How can I calcaulte 5% & 95% of of the whole datasets of images?

Hi

I have a pretty big dataset of images. I would like to calculate the 5% and 95% of pixel ranges for the whole dataset.

I am wondering if there is any method for that? Also, how can I do that in pytorch?

Please let me know if you have any quetions

Hi Ali,

if your values are 8 or 16 bit integers (which is quite common), I’d probably just compute a histogram.
If they are not, you could do this iteratively: Quantize to 8 bits by rounding down and up (keeping statistics for both rounded-down and rounded-up).

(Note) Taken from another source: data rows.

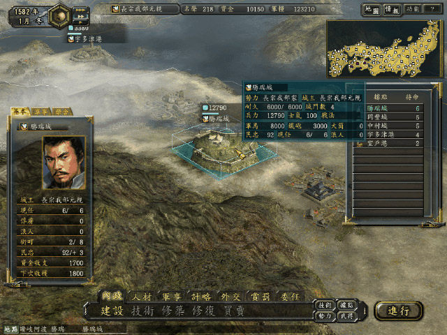 在内政与建设方面,本代使用了与前作相同的城下町自由建设系统,可在各城镇的领地自行建设各种不同功能的聚落或设施,像是农村、武家町、职人町等7种町,以及商馆、兵舍、学舍、工房、城寨...等27种不同的设施,让领地逐渐的成长茁壮。之外并加入了能发展各种军事与内政技术的“技术革新”系统,总共有80种以上的技术可供研发,像是可以富国的内政技术,影响战争型态甚钜的铁炮(火枪)技术,强化城堡防御力的筑城技术,掌握海权争霸的水军(海军)技术等。
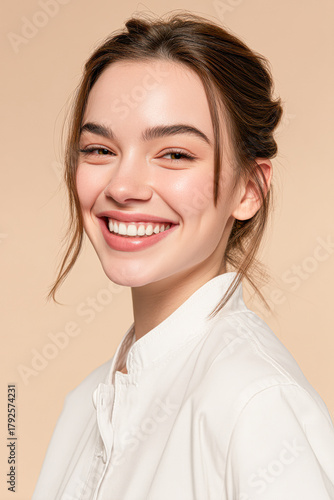 smile, beauty, portrait, woman, joy, grace, serene, youth, friendly, simplicity, tenderness, inspiration, warmth, skin, bliss, personality, chic, glowing, confidence, alluring, expression, make-up, charme, radiance, high-coloured, health, positive, elegance, happiness, captivating, emotion, light, fashionable, showcase, modern, lifestyle, trendy, cheerful, style, fashion, attractive, bright, natural, fresh, uplifting, self-assured
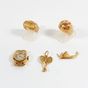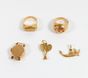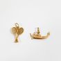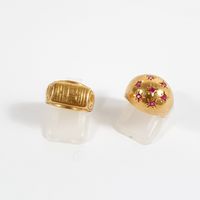Lot en or 750 mil. comprenant : 2 pendentifs "Paire de raquettes de tennis" et "Gondole", 2 bagues (pierres imitation) (TDD : 52,5 et 53) (Chiffrée), et 1 boîtier de montre de dame, mouvement mécanique (diamètre : 16 mm environ) (Oxydations au cadran). 19,5 g. brut.
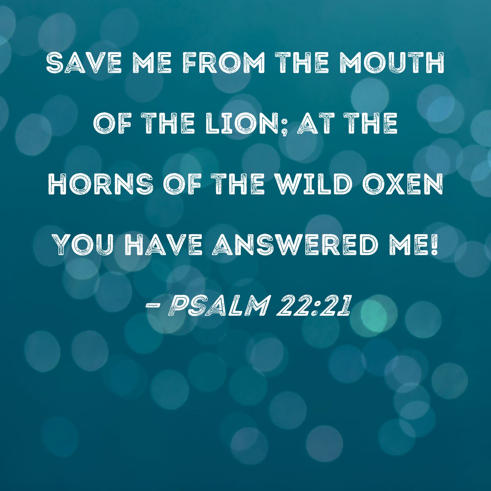Psalm 22:21 Save me from the mouth of the lion; at the horns of the wild oxen You have answered me!

Then you know the 5% percentile is between the rounded-down 5% and the rounded up 5% percentile and then you can just quantize that range to 8 bits (if you want it easy, just clamp the range) - so everything outside the range gets put on the boundaries, but the 5% quantile is in the “higher resolution range”.

To make things concrete

data = torch.randn(500000, dtype=torch.double)
q05_true = data.sort().values[int(len(data) * 0.05)]  #  if you want data.quantile(0.05), you would have to match their interpolation
# upper and lower bound
q05_max = torch.max(data)
q05_min = torch.min(data)

HIST_SIZE = 1000

done = False
while not done:
    # each loop means a loop over your dataset
    transformed = ((data - q05_min) * HIST_SIZE / (q05_max - q05_min)).clamp(min=0, max=HIST_SIZE)
    ceil = transformed.ceil().long()
    floor = transformed.floor().long()

    vals_c, counts_c = torch.unique(ceil, return_counts=True)
    vals_f, counts_f = torch.unique(floor, return_counts=True)

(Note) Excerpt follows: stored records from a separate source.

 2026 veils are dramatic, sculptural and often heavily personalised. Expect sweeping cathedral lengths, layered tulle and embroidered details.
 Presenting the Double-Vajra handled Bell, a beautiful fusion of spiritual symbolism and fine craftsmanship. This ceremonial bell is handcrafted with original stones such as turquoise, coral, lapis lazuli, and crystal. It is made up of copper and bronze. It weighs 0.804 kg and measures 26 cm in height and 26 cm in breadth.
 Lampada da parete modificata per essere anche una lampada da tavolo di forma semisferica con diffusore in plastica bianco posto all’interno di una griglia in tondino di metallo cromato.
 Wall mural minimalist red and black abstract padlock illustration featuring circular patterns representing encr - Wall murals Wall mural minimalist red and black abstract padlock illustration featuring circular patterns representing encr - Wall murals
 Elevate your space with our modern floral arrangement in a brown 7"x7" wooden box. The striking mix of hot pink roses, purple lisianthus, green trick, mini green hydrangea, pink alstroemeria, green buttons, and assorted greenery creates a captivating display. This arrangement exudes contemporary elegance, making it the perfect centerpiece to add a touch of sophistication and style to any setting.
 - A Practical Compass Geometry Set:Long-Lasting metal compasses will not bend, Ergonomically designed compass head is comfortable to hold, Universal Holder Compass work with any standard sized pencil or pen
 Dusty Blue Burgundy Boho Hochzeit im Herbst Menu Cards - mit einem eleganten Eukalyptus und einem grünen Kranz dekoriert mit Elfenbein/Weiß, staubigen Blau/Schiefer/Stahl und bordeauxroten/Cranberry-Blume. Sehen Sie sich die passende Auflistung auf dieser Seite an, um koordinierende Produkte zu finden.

    # refined upper and lower bound
    q05_max_new = (vals_c[(counts_c.cumsum(-1).double()/data.numel() > 0.05).nonzero().min()]) * (q05_max - q05_min) / HIST_SIZE + q05_min
    q05_min_new = (vals_f[(counts_f.cumsum(-1).double()/data.numel() <= 0.05).nonzero().max()]) * (q05_max - q05_min) / HIST_SIZE + q05_min

    assert q05_min_new <= q05_true <= q05_max_new, f"{q05_min_new} <= {q05_true} <= {q05_max_new}"
    q05_min, q05_max = q05_min_new, q05_max_new
    done = len(vals_c) == 3
    print(f"{q05_min}, {q05_max}")

vals, counts = data.clamp(min=q05_min, max=q05_max).unique(return_counts=True)
q05 = vals[(counts.cumsum(-1) <= int(len(data) * 0.05)+1).nonzero().max()]
print("found", q05.item(), "true", q05_true.item())

Actually a fun task, thanks for sharing the problem!

Best regards

Thomas

2 Likes